Like all things in the hobby, pigments can get expensive. To do it well, you really do need about 3 shades of each color you want to use (for variety). I know it seems like overkill, but the variety is what really helps bring your model alive.

3. Powders or pigments create an environment.
With just a little bit of powder, your tank comes to life and it looks like it's been in an actual environment fighting. It's an effect you can't create (that I know of) with anything else.

4. It's messy.
You'll end up with a bit of mess when you're done. You need to have an area to work in with certain brushes set aside for just powders. I ended up working over a piece of paper to catch the powder that falls off the model.
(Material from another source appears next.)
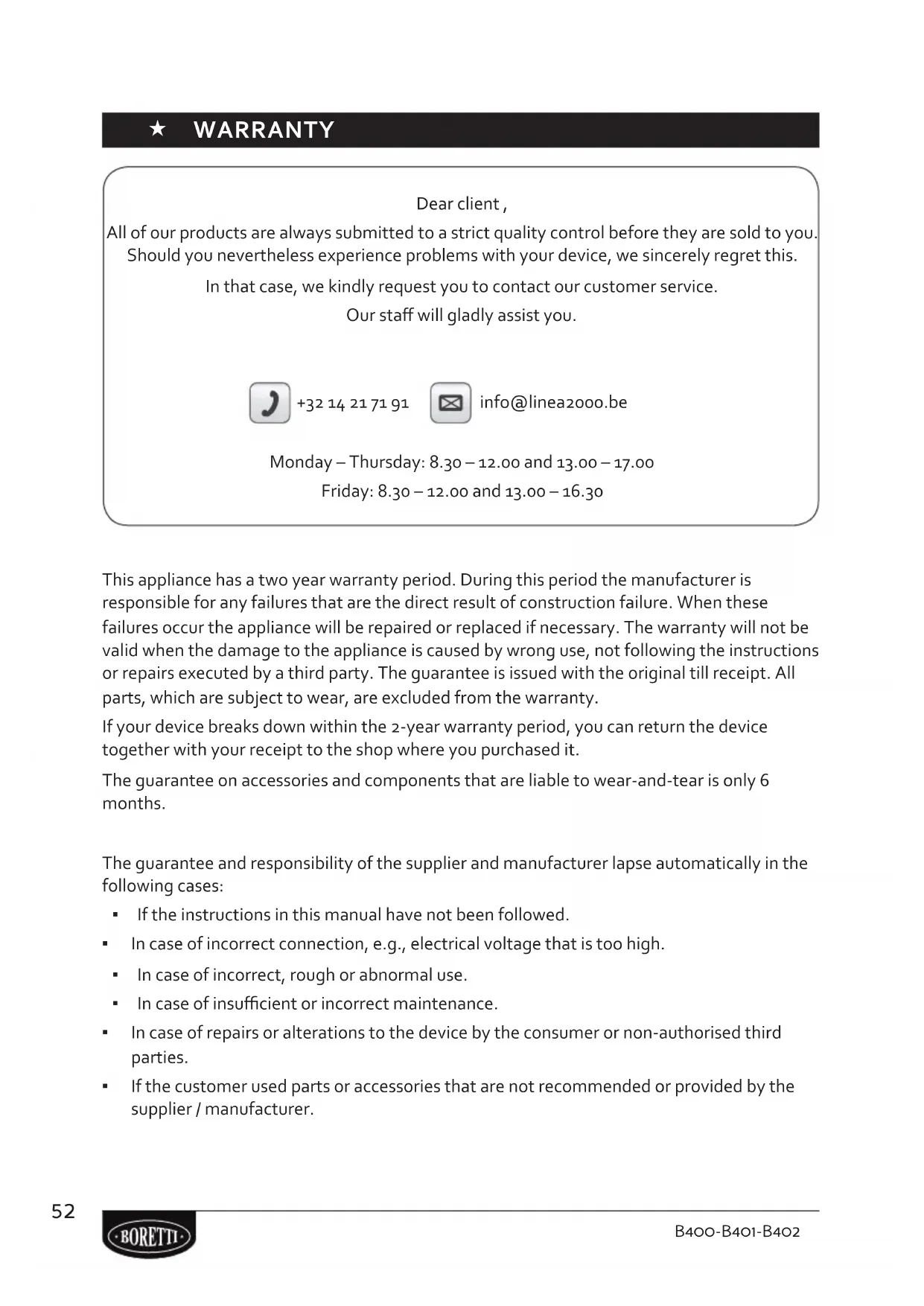 - Do not leave the appliance on unattended.56 B400-B401-B402 Bernini www.boretti.com Gebruiksaanwijzing NL Mode d’emploi FR De Dollard 17, 1454 AT Watergang T + 31 (0) 20 - 436 34 39, F +31 (0) 20 - 436 13 26 W www.boretti.com E info@boretti.com T +32 (0)3 450 81 80, F +32 (0)3 458 68 47W www.boretti.beE info@boretti.be Boretti - The Netherlands Boretti - Belgiumwww.boretti.com BORETTI0086 Cover Gebruiksaanwijzingen_v4.indd 3-4 06-11-15 16:33

I also grabbed a handful of older brushes and cut the tips off to create "stipple" brushes I could apply the powders with.

5. It's not an exact science.
There are no hard and fast rules for applying powders when it comes to colors and such. But, you do need to have a plan before you start. You need to know what the dust would be like where your army is fighting, where the exhaust comes out your tank, what areas would be prone to rusting, etc. before starting.

6. Powders will not replace all other kinds of weathering.
These are just one more trick in getting a model to come alive. Powders don't replace paint or washes and the things they can do when it comes to weathering a model. It's the combination of these different techniques that really does the trick.
Can you get a good looking model without powders, sure, but take that same model and use powders on it and you'll be absolutely amazed at the difference.

Here are the results of my work.

Ron, From the WarpIf you've got any questions about something in this post, shoot me a comment and I'll be glad to answer. Make sure to share your hobby tips and thoughts in the comments below!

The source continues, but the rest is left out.